How to complete this task
Starting at the line with "Умные часы Smart", copy each line through the last one below exactly as written, without any pictures.

Recorded data
####

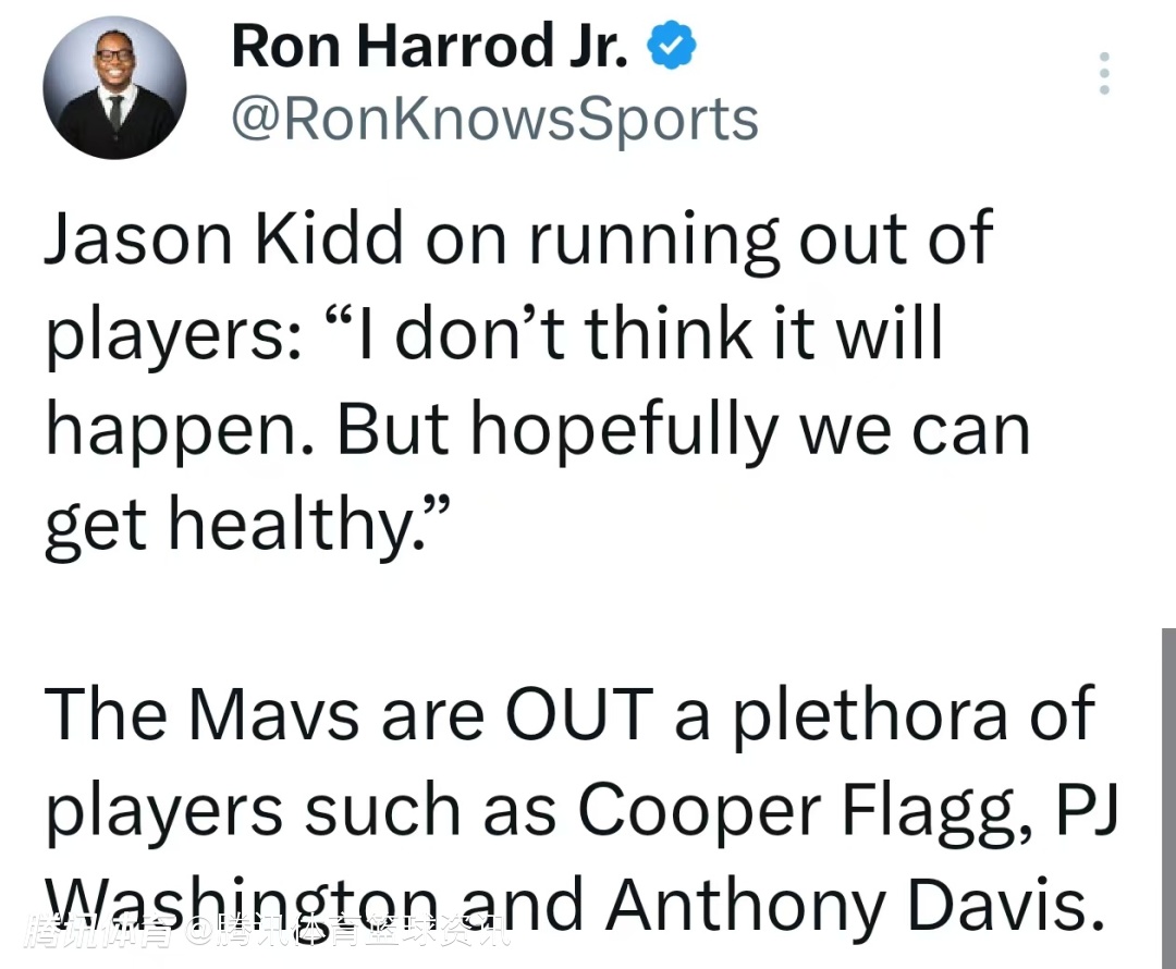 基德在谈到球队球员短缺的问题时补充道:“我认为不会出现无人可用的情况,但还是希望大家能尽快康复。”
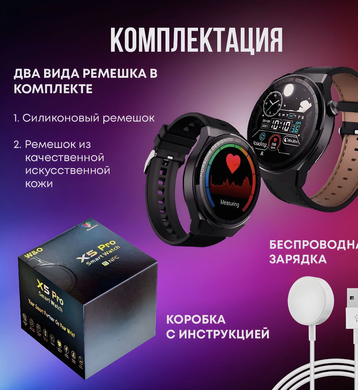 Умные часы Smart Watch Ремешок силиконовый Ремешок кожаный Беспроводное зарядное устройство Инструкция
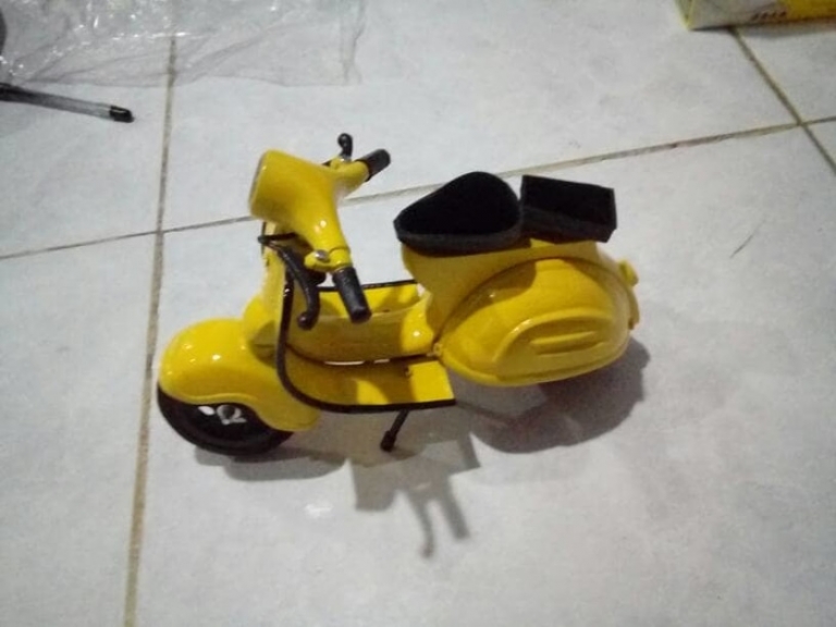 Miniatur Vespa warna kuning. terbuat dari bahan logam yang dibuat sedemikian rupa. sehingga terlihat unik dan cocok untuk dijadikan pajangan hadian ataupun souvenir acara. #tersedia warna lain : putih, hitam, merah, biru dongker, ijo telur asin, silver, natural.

####

Answer for the task
 Умные часы Smart Watch Ремешок силиконовый Ремешок кожаный Беспроводное зарядное устройство Инструкция
 Miniatur Vespa warna kuning. terbuat dari bahan logam yang dibuat sedemikian rupa. sehingga terlihat unik dan cocok untuk dijadikan pajangan hadian ataupun souvenir acara. #tersedia warna lain : putih, hitam, merah, biru dongker, ijo telur asin, silver, natural.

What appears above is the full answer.